- [YOUR ASSIGNMENT] Leaving out all pictures, write out word for word the lines from the one containing "(부산=뉴스1) 윤일지 기자" to the end of the data below.

- [DATA FOR THIS EXERCISE]
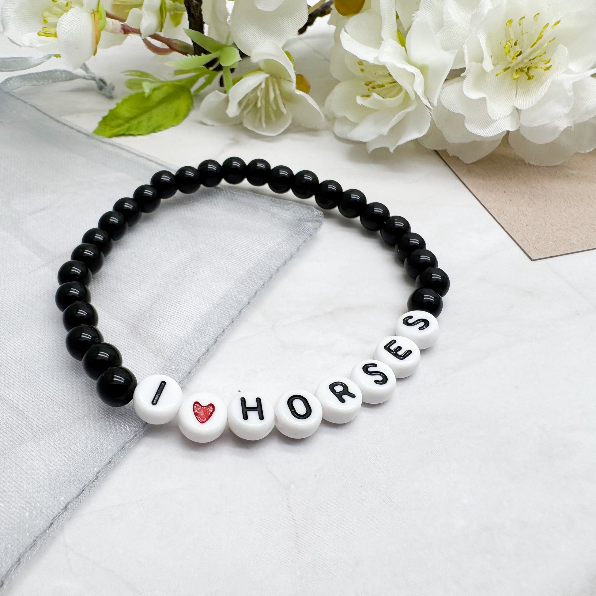 I LOVE HORSES Message Bracelet - Acrylic Letter Beads
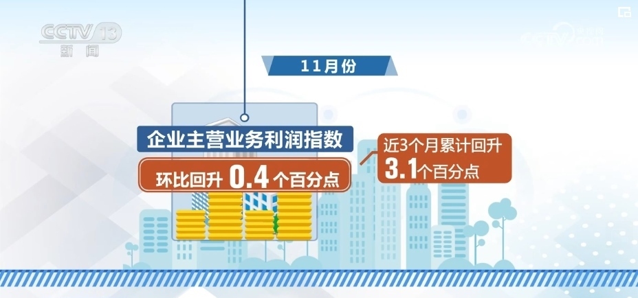 從分項(xiàng)指數(shù)來看,11月份,企業(yè)主營(yíng)業(yè)務(wù)利潤(rùn)指數(shù)環(huán)比回升0.4個(gè)百分點(diǎn),近3個(gè)月累計(jì)回升3.1個(gè)百分點(diǎn)。
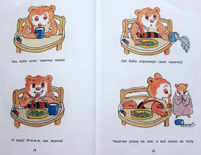 И самая любимая фраза дочки стала после прочтения этой книжки : "Мам, я (ем, играю, гуляю, сижу в покупательской телеге и пр. - выберите нужное) как Бобо? Да?".
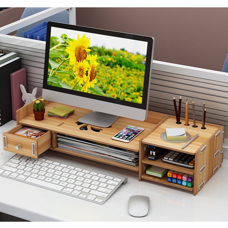 Kiểu dáng hiện đại, thời trang, chất liệu tự nhiên, thiết kế tháo lắp thông minh, là món quà hấp dẫn cho người thân hay để trang trí cho bàn học/làm việc của gia đình!Dùng để máy vi tính, hồ sơ, sách vở, bút, đồ dùng văn phòng.., đặt trên bàn làm việc. Kệ được thiết kế thông minh nhằm làm giảm hiệu ứng đau lưng mỏi cổ cho dân văn phòng, sinh viên, học sinh.. khi phải làm việc với máy vi tính thường xuyên và liên tục .
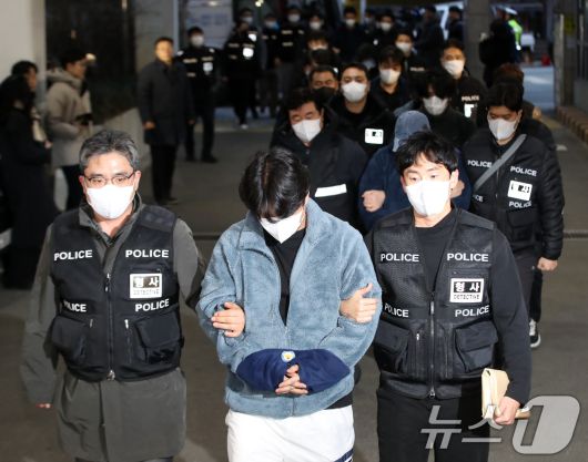 (부산=뉴스1) 윤일지 기자 = 캄보디아에서 대규모 스캠 범죄를 저질러 강제 송환된 한국인 피의자들이 23일 오후 부산 동래구 동래경찰서로 압송되고 있다. 이날 인천국제공항을 통해 강제 송환된 한국인 피의자 73명 중 49명은 부산으로 압송돼 조사를 받는다. 2026.1.23/뉴스1
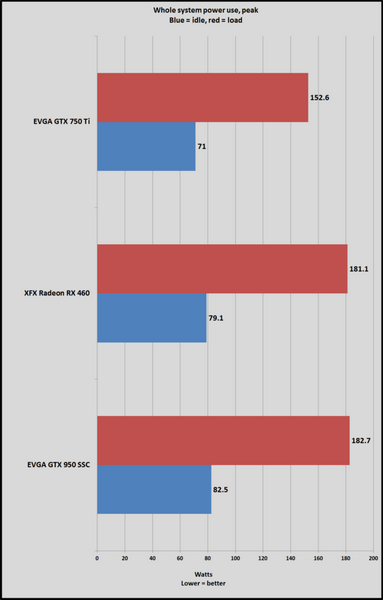 PCWorld还测试了AMD RX 460的功耗及散热性,通过运行4K分辨率的《全境封锁》取其峰值数据、在Windows桌面闲置三分钟取其闲置数据,发现AMD RX 460的功耗实际上要比GTX 750Ti更高一些,另外也更热。

- [OUTPUT]
 (부산=뉴스1) 윤일지 기자 = 캄보디아에서 대규모 스캠 범죄를 저질러 강제 송환된 한국인 피의자들이 23일 오후 부산 동래구 동래경찰서로 압송되고 있다. 이날 인천국제공항을 통해 강제 송환된 한국인 피의자 73명 중 49명은 부산으로 압송돼 조사를 받는다. 2026.1.23/뉴스1
 PCWorld还测试了AMD RX 460的功耗及散热性,通过运行4K分辨率的《全境封锁》取其峰值数据、在Windows桌面闲置三分钟取其闲置数据,发现AMD RX 460的功耗实际上要比GTX 750Ti更高一些,另外也更热。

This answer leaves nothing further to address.